Comitê egípcio proíbe parabenização de Natal e Páscoa entre cristãos
Esta semana, um comitê religioso egípcio, que inclui destacados líderes islamitas, proibiu parabenizações natalinas entre cristãos.
- (Photo: REUTERS/Asmaa Waguih)
O comitê que emitiu a nota é constituído pelo dirigente da Irmandade Muçulmana Jairat al Shater, os xeques salafistas Yasser Burhami e Hazem Abu Ismail, e o clérigo islamita Safuat Higazi.
Os cristãos coptas representam apenas 10% dos mais de 80 milhões de egípcios.

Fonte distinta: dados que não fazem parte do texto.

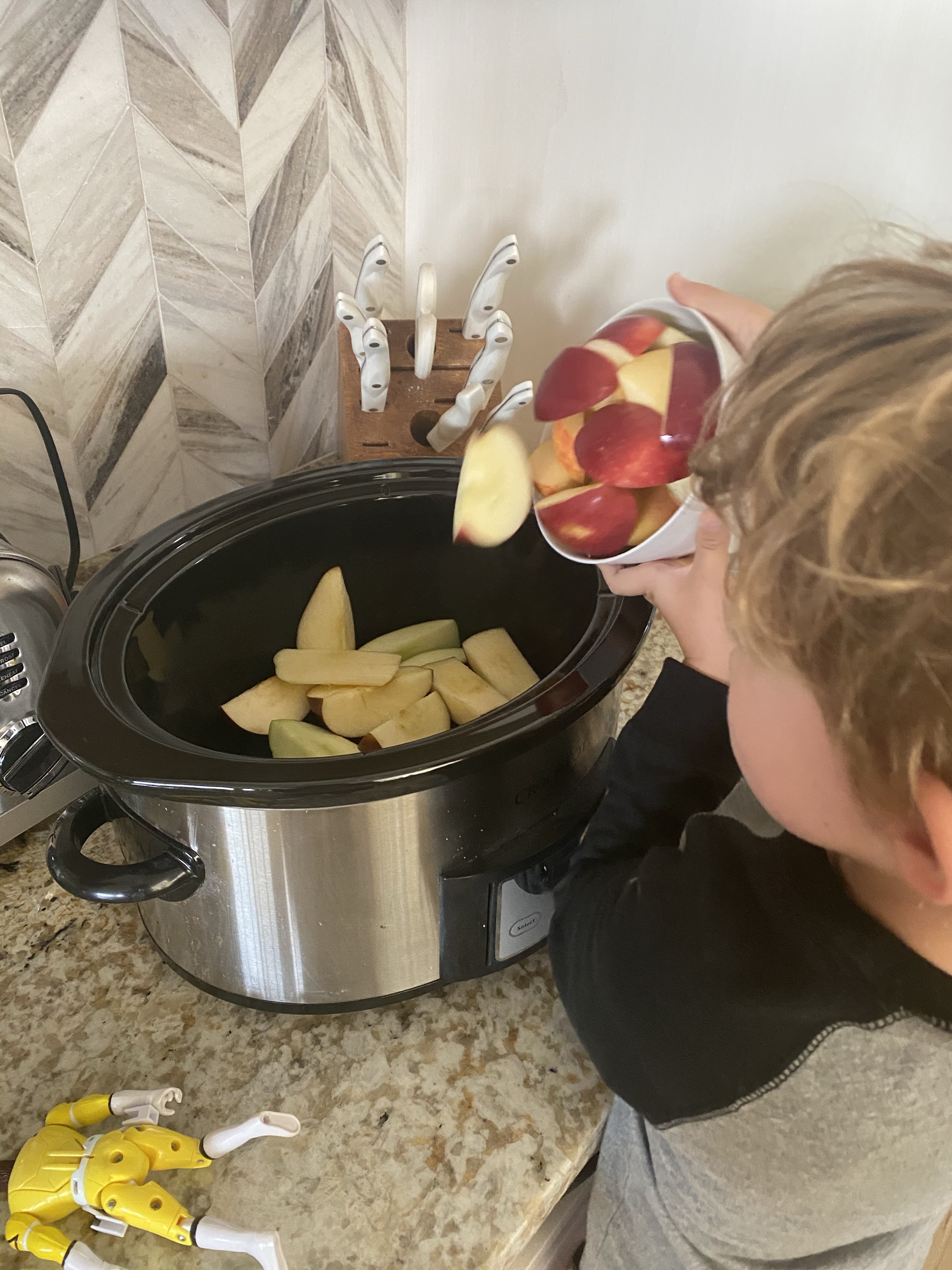 -How does food change when cooked? experiment: Since we had a bunch of cut up apples, I asked my little how he thought they would change when we cooked them. Then we tossed them (we used 6 apples, cored but not peeled) in the crockpot on high with 1 cup of apple cider, 3 teaspoons of cinnamon, and 1 TBSP of lemon juice and let them simmer until soft. When they were finished I took them out to cool and had him tell me what they were like before and after cooking. We talked about how sometimes cooking can make things soft, like carrots, potatoes, broccoli, etc. Then we popped the apples and all the juices in the blender and made applesauce! YUM!

Essa pequena população cristã vivem eventos dramáticos, tais como desigualdades em geral quando se trata de educação, oportunidades econômicas e posições do governo.
Em outros países de maioria islâmica, os ataques aos cristãos têm sido declarados e explícitos.
Esta
semana no Iraque, o aiatolá Ahmad Al Baghdadi Al Hassani chocou os
pertencentes às minorias religiosas do país ao declarar que eles tem que
“converter-se ao islamismo, ou morrer”, durante uma entrevista a um programa de TV.
O líder religioso afirmou isso como alternativas para que eles continuem no país.O aiatolá ainda afirmou que raptar e estuprar esposas e filhas de pessoas de religiões diferentes das suas, seria algo aceitável em sua concepção, de acordo com o The Blaze.
Frente a tal cenário, o papa Bento XVI declarou em um discurso que a igreja deve “apoiar” e “encorajar” todos os cristãos perseguidos no mundo.
O papa mencionou os novos ataques contra igrejas na Nigéria, onde atiradores mataram seis pessoas que faziam celebração de Natal em uma igreja evangélica.
O Para ainda ressaltou que “os crentes chamados a dar testemunho em circunstâncias difíceis e perigosas não serão abandonados por Deus, nem deixados indefesos”.